Required action:
Each line of the data below between the one containing "Die meisten Hunde" and the one containing "Leider sehr schwer", both included, is to be repeated exactly. Please omit pictures.
[[ Information shown open ]]
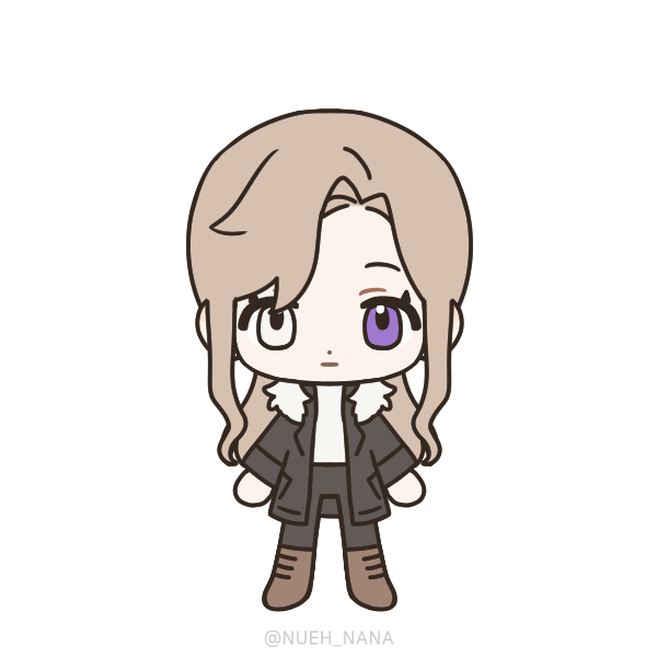 이제는 자라면서 금발에 가까운 밀색이 아닌, 완전학 밀색을 가지게 되었습니다. 히어로 활동중에 다친 왼쪽의 눈은 더이상 세상을 볼 수 없음에도 세상을 바라보고 있습니다. 마치, 기억할려는 듯이요.
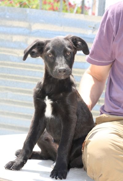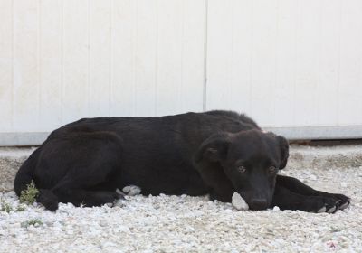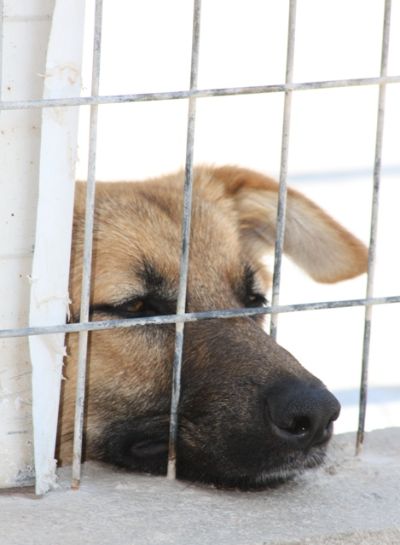 Die meisten Hunde im Tierheim sind wie immer freudig aufgeregt, wenn man sich den Zwingern nähert und jeder versucht ein wenig Aufmerksamkeit und Streicheleinheiten zu ergattern. Ich war schockiert, wie voll das Tierheim besetzt ist - nicht ein Zwinger war frei und keinerlei Platz für die vielen Neuankömmlinge, deren Strom nicht abreisst. Auf der Insel finden viele Kastrationsprogramme statt um der Flut der Welpen Herr zu werden, aber leider nehmen es die Griechen noch nicht an und so sind die Zwinger voll mit ausgesetzten Welpen und Junghunden.
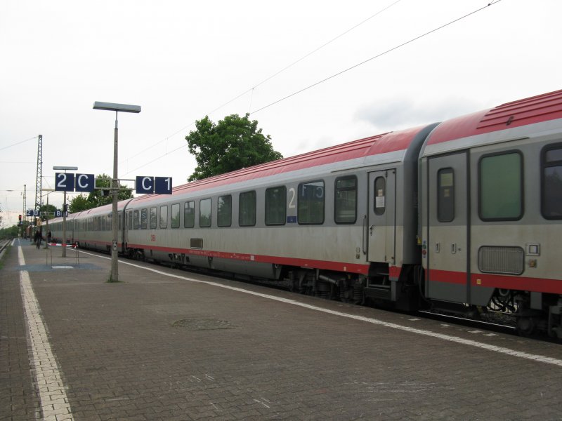 Leider sehr schwer zu erkennen! Der München Nürnberg Express nach Nürnberg Hbf in München Hbf, Langzeitbelichtung, 7.4.2009
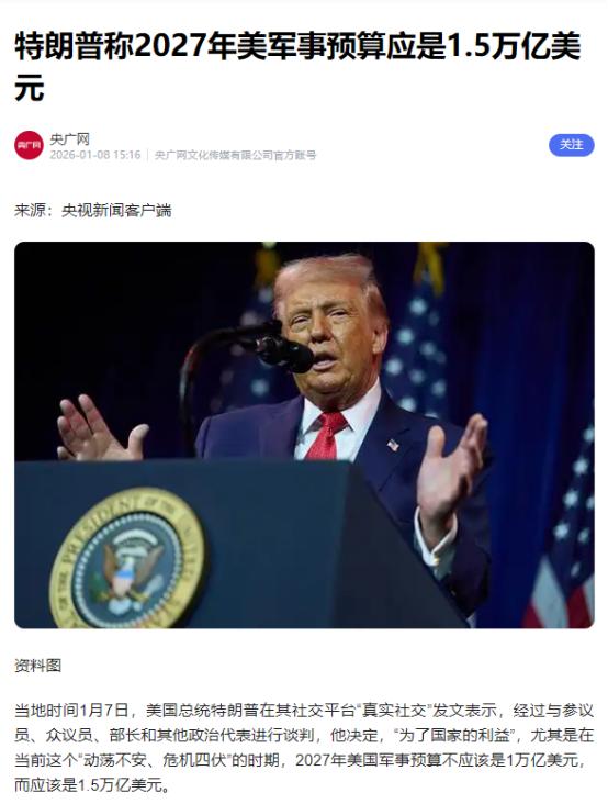 美国改口了。当地时间1月7日,特朗普公开发文表示:他决定,为了国家的利益,尤其是在当前这个动荡不安、危机四伏的时期,2027年美国军事预算不应该是1万亿美元,而是1.5万亿美元。 他说这么做是为了国家利益,尤其是现在世界动荡不安、危机四伏,这笔钱能让美国打造更强大的军队,甚至是“梦想军队”。 首先得说清楚,这1.5万亿美元可不是小数目。要知道2026财年美国国会刚批的军费也就9010亿美元,短短一年时间就要暴涨66%,多花出来的5000亿美元比很多国家全年的GDP都高。 特朗普倒是说得轻松,称这笔钱能轻松拿出来,全靠向其他国家征收关税带来的巨额收入。 可美国国会预算办公室早就有过预测,这些关税政策未来11年总共也就只能增加2.5万亿美元收入,平均到每年也就2300亿美元,连新增军费缺口的一半都填不上。 更麻烦的是这些关税的法律基础还悬在半空,美国最高法院马上就要裁决总统能不能单方面靠《国际紧急经济权力法》收关税,能不能拿到这笔钱还不一定呢。 特朗普口中的“梦想军队”,也不是随便说说的空想,背后藏着一套具体的造舰计划。 他早之前就放话要建两艘“特朗普”级新型战舰,后续还要扩充到8到10艘,最终目标是20到25艘,再加上3艘航母和12到15艘潜艇,凑成一支所谓的“黄金舰队”。 这种新型战舰排水量高达3万到4万吨,比美军现在最大的“朱姆沃尔特”级驱逐舰还大两倍多,不仅要装大量导弹和舰炮,还得配高超声速武器、电磁炮甚至带核弹头的巡航导弹。可理想有多丰满,现实就有多骨感,美国造船业的现状根本撑不起这份野心。 美军造舰的拖延症早就不是秘密了,最好的项目都要延期半年以上,预算超支更是家常便饭,之前的“星座”级护卫舰直接被拖到取消,“约翰·肯尼迪”号航母也晚了两年交付。 更关键的是“特朗普”级战舰需要的很多装备都还没研发成功,比如美国海军2021年就因为技术问题叫停了电磁炮项目,现在要重新捡起来装到新舰上,光研发就得耗好几年。 美国智库的专家都直言,这种新型战列舰最早也得到本世纪30年代初才能交付,2027年想靠这笔军费建成“梦想军队”,纯属异想天开。 更让人看不懂的是就在特朗普提出增加军费的同一天,他还签署备忘录让美国退出66个国际组织,理由是这些组织不符合美国利益。 一边疯狂砸钱扩军,一边主动退出国际合作框架,这种操作背后的逻辑其实很直白,就是信奉“丛林法则”,想靠绝对军事实力压服其他国家。 可这种做法已经引发了内部的强烈反弹,就在几天前,因为特朗普未经国会授权就下令突袭委内瑞拉,参议院投票时5名共和党议员直接倒戈,和民主党一起支持限制他的军事权力。 国会对这笔巨额军费的态度也很微妙,德州的共和党众议员奇普·罗伊虽然支持强大国防,但也明确表示要保持财政审慎,言外之意就是筹钱办法得靠谱。 民主党议员更是直接反对,他们指出美国本财年预算赤字已经占到GDP的5.5%,再额外增加5000亿军费,只会让财政窟窿越来越大。 更关键的是五角大楼已经连续八年没能通过年度审计,账本乱得一塌糊涂,现在还要给这样一个部门多批几千亿,不少议员都觉得是拿纳税人的钱开玩笑。 最受伤的其实是美国普通民众。之前的军费已经开始挤压民生开支,清洁空气保护、医疗补助、儿童营养还有教育项目的拨款都被削减。现在要是再增加5000亿军费,这些民生福利只会被进一步压缩。 特朗普这波改口提价,看似是为了美国安全,实则是把军费当成了讨好军工复合体、巩固政治支持的工具。可1.5万亿美元的预算缺口、造舰计划的技术瓶颈、国会内部的分裂还有民生领域的牺牲,每一项都在戳破他的“梦想军队”泡沫。能不能在国会通过都是个大问题,就算真的通过了,最终也可能只是一场劳民伤财的政治秀。 来源:央广网
[[ Information shown closed ]]
Answer section:
 Die meisten Hunde im Tierheim sind wie immer freudig aufgeregt, wenn man sich den Zwingern nähert und jeder versucht ein wenig Aufmerksamkeit und Streicheleinheiten zu ergattern. Ich war schockiert, wie voll das Tierheim besetzt ist - nicht ein Zwinger war frei und keinerlei Platz für die vielen Neuankömmlinge, deren Strom nicht abreisst. Auf der Insel finden viele Kastrationsprogramme statt um der Flut der Welpen Herr zu werden, aber leider nehmen es die Griechen noch nicht an und so sind die Zwinger voll mit ausgesetzten Welpen und Junghunden.
 Leider sehr schwer zu erkennen! Der München Nürnberg Express nach Nürnberg Hbf in München Hbf, Langzeitbelichtung, 7.4.2009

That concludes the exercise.